VMware NTP, is yours working?
Like me over the years millions of people have build ESX clusters, vCenter Environments, vRealize*, Photon based VMware platforms and the list goes on with VMware offerings. Have your ever thought or taken the time to actually check if your NTP configurations actually work ?
NTP is a critical component of the VMware ecosystem and not just from a logging date stamp perspective, but services such as FT, VSAN, HA, Virtual Machine Monitoring and VCF SDDC Manager as a small subset all rely on accurate synchronized NTP to ensure the services function correctly and don’t cause customer outages.

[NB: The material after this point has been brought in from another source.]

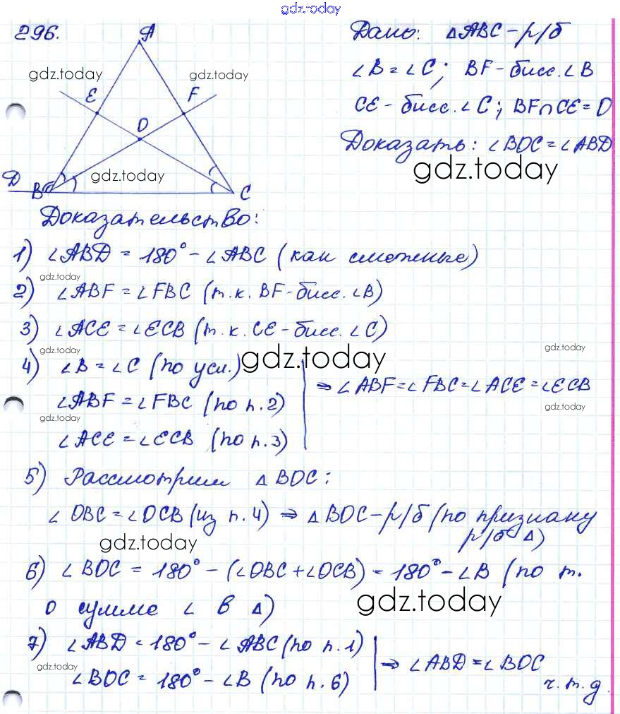 Ответы к Решение. Задачи 296 Учебнику по Геометрии для 7-9 класса Атанасян, Бутузов Просвещение 2010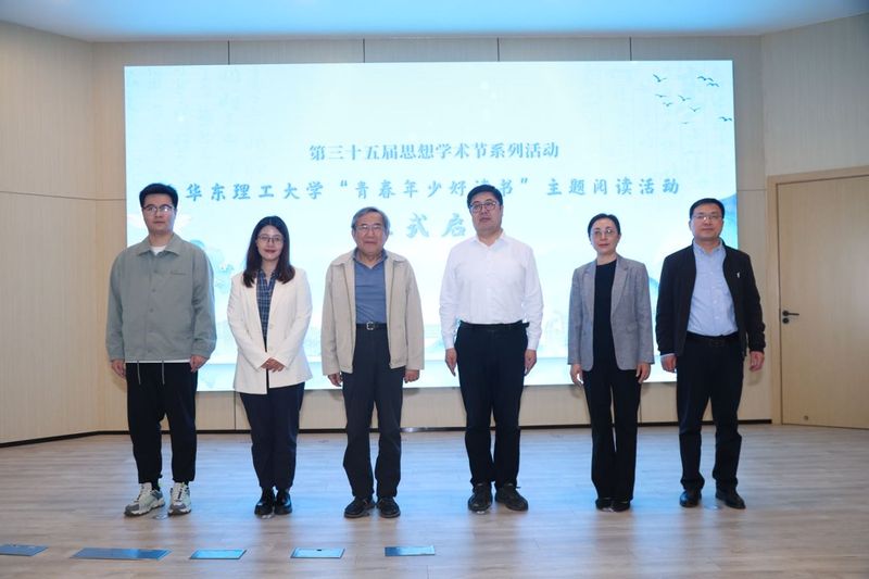 沈海涛、王延水、赵乐、董龙凯、葛剑雄以及华东理工大学信息科学与工程学院程添逸同学,一同启动了主题阅读活动、发布了100本“华理青年荐读书单”。

A lot of Engineers will sync the infrastructure time to either an external source such as au.pool.ntp.org ( Aussie reference ) or their internal Microsoft PDC’s.
So lets take a look from a ESX host perspective of NTP syncing to these two examples. The ESX server I am using is 7.0U2 for transparency. VMkernel esxuat3.local 7.0.2 #1 SMP Release build-17630552 Feb 17 2021 15:16:00 x86_64 x86_64 x86_64 ESXi .
ntpq> peer
remote refid st t when poll reach delay offset jitter
==============================================================================
bitburger.simon .GPS. 1 u 5 64 1 37.192 -0.846 0.000
pve01.as24220.n 216.218.254.202 2 u 9 64 1 32.151 +2.006 0.000
ntpq>
ntpq> peer
remote refid st t when poll reach delay offset jitter
==============================================================================
ad.local .LOCL. 1 u 2 64 1 0.293 +0.714 0.000
ntpq>
Looks good ! We have a peering au.pool.ntp.org in the first example and a 2019 Microsoft Domain Controller in the second example. Lets take a closer look at these NTP peering and look at the associations.
ntpq> assoc
ind assid status conf reach auth condition last_event cnt
===========================================================
1 19499 9014 yes yes none reject reachable 1
2 19500 9014 yes yes none reject reachable 1
ntpq> assoc
ind assid status conf reach auth condition last_event cnt
===========================================================
1 42369 9014 yes yes none reject reachable 1
ntpq>
You will notice that even though NTP is peered to the NTP servers, they are getting condition “rejected” which means they are not syncing time which can result in time drift, and issues in your environment.
So to start looking at why this might be happening I took a PCAP on the ESX host, copied the file off the host, and imported it into Wire Shark to analyze.
[root@esxuat3:~] pktcap-uw --vmk vmk0 -o /tmp/test.pcap -G 30
Source PCAP
Examined Packets
As you can see the source of my host is 192.168.1.153 and the destination is au.pool.ntp.org, and the NTP version is v4, which is default in VMware.
ntpq> version
ntpq 4.2.8p15+vmware@1.3728-o Tue Jun 30 17:18:49 UTC 2020 (1)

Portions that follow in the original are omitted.